1. A hanging planter for containing and watering vegetation, the hanging planter comprising:

a lay-flat flexible tube having two walls, the two walls being sealed by a top seal, a middle seal, and a bottom seal so as to form an upper chamber and a lower chamber; and

a hanging element disposed near a top portion of the upper chamber capable of being used to hang the lay-flat flexible tube so that the upper chamber is oriented directly above the lower chamber,

the upper chamber having an opening so as to facilitate filling the upper chamber with water;

the lower chamber having an opening so as to facilitate filling the lower chamber with growing media;

the upper chamber having a flow regulator capable of regulating a flow of water from the upper chamber to the lower chamber;

the lower chamber having a drain capable of draining excess water from the flow of water upon the growing media in the lower chamber.

2. The hanging planter of claim 1, wherein the lay-flat flexible tube is made from one of: plastic, low density polyethylene, flexible PVC.

3. The hanging planter of claim 1, wherein the upper chamber and the lower chamber are equal in volume.

4. The hanging planter of claim 1 wherein the upper chamber and the lower chamber are not equal in volume.

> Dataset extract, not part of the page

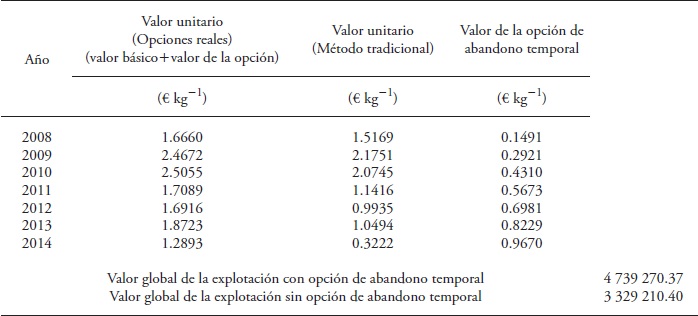 The difference between each of the real options described lies in their expiry dates (j=1, 2, 3,..., T), moment 1 being the year 2008, and moment T, the year 2014. The value of the exploitation per unit of output was calculated using equation (8) and the global value of the exploitation, using equation (9):

5. The hanging planter of claim 1, wherein the hanging element is a hole cut near the top seal.

6. The hanging planter of claim 1, wherein the hanging element is a rigid member attached near the top seal.

7. The hanging planter of claim 1, wherein the opening in the lower chamber is a horizontal slit cut through at least one wall of the flexible tube near a top portion of the lower chamber.

8. The hanging planter of claim 1, wherein the growing medium is soil.

9. The hanging planter of claim 1, wherein the bottom seal is a recloseable closure.

10. The hanging planter of claim 9, wherein the recloseable closure is mating hook and loop.

11. The hanging planter of claim 9, wherein recloseable closure is double sided tape with acrylic based adhesive.

12. The hanging planter of claim 5, wherein the upper chamber is filled through the hole cut near the top seal.

13. The hanging planter of claim 1, wherein the upper chamber is filled through a recloseable opening therein.

14. The hanging planter of claim 1, wherein a flow of water from the upper chamber into the lower chamber can be regulated by at least one drip emitter placed at least near the bottom of the uppermost chamber.

15. The hanging planter of claim 1, wherein excess water is drained from the lower chamber by a small hole at least near a bottom of the lower chamber.

16. The hanging planter of claim 10 wherein excess water is drained by seeping through the hook and loop reclosure.

17. The hanging planter of claim 1, wherein the opening in the lower chamber for filling the lower chamber with growing media is large enough to also allow planting in the growing media.

18. The hanging planter of claim 9, wherein a pre-started plant can be inserted into the bottom of the lower chamber through the opened recloseable opening, and the reclosable opening can be reclosed so as to secure a root-ball therein.

19. The hanging planter of claim 1, wherein at least one vertical seal is formed longitudinally between the walls of the upper chamber so as strengthen the upper chamber, while also allowing all water in the upper chamber to be flow through the flow regulator.

20. The hanging planter of claim 1, wherein the bottom of the lower chamber is adapted to rest on the ground so as to reduce stress on the hanging element.